Give the records again, word for word.

═══ Data

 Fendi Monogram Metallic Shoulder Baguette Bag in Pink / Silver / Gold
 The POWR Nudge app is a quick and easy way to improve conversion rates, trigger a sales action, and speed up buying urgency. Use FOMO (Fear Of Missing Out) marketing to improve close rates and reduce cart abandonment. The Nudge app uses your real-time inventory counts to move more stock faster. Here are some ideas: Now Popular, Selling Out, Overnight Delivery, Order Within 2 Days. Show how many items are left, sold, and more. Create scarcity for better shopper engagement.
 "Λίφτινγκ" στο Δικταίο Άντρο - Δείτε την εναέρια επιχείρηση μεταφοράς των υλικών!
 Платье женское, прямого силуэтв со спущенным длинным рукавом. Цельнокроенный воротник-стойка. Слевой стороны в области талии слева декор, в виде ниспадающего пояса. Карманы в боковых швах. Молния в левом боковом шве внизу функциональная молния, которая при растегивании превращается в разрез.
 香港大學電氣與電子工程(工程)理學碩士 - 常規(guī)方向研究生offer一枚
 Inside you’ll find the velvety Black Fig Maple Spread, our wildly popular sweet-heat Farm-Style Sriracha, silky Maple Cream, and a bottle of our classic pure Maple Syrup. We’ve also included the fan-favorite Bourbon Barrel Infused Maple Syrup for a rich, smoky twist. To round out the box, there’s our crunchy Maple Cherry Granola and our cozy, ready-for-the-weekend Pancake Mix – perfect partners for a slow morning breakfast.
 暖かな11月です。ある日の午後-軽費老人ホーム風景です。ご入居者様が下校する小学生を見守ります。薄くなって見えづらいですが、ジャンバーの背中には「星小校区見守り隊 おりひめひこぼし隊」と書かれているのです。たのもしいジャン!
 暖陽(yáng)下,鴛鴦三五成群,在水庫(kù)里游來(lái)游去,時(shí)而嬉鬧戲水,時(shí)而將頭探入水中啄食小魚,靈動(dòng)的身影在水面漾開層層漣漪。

══════

▸ **Response to the exercise**
 Fendi Monogram Metallic Shoulder Baguette Bag in Pink / Silver / Gold
 The POWR Nudge app is a quick and easy way to improve conversion rates, trigger a sales action, and speed up buying urgency. Use FOMO (Fear Of Missing Out) marketing to improve close rates and reduce cart abandonment. The Nudge app uses your real-time inventory counts to move more stock faster. Here are some ideas: Now Popular, Selling Out, Overnight Delivery, Order Within 2 Days. Show how many items are left, sold, and more. Create scarcity for better shopper engagement.
 "Λίφτινγκ" στο Δικταίο Άντρο - Δείτε την εναέρια επιχείρηση μεταφοράς των υλικών!
 Платье женское, прямого силуэтв со спущенным длинным рукавом. Цельнокроенный воротник-стойка. Слевой стороны в области талии слева декор, в виде ниспадающего пояса. Карманы в боковых швах. Молния в левом боковом шве внизу функциональная молния, которая при растегивании превращается в разрез.
 香港大學電氣與電子工程(工程)理學碩士 - 常規(guī)方向研究生offer一枚
 Inside you’ll find the velvety Black Fig Maple Spread, our wildly popular sweet-heat Farm-Style Sriracha, silky Maple Cream, and a bottle of our classic pure Maple Syrup. We’ve also included the fan-favorite Bourbon Barrel Infused Maple Syrup for a rich, smoky twist. To round out the box, there’s our crunchy Maple Cherry Granola and our cozy, ready-for-the-weekend Pancake Mix – perfect partners for a slow morning breakfast.
 暖かな11月です。ある日の午後-軽費老人ホーム風景です。ご入居者様が下校する小学生を見守ります。薄くなって見えづらいですが、ジャンバーの背中には「星小校区見守り隊 おりひめひこぼし隊」と書かれているのです。たのもしいジャン!
 暖陽(yáng)下,鴛鴦三五成群,在水庫(kù)里游來(lái)游去,時(shí)而嬉鬧戲水,時(shí)而將頭探入水中啄食小魚,靈動(dòng)的身影在水面漾開層層漣漪。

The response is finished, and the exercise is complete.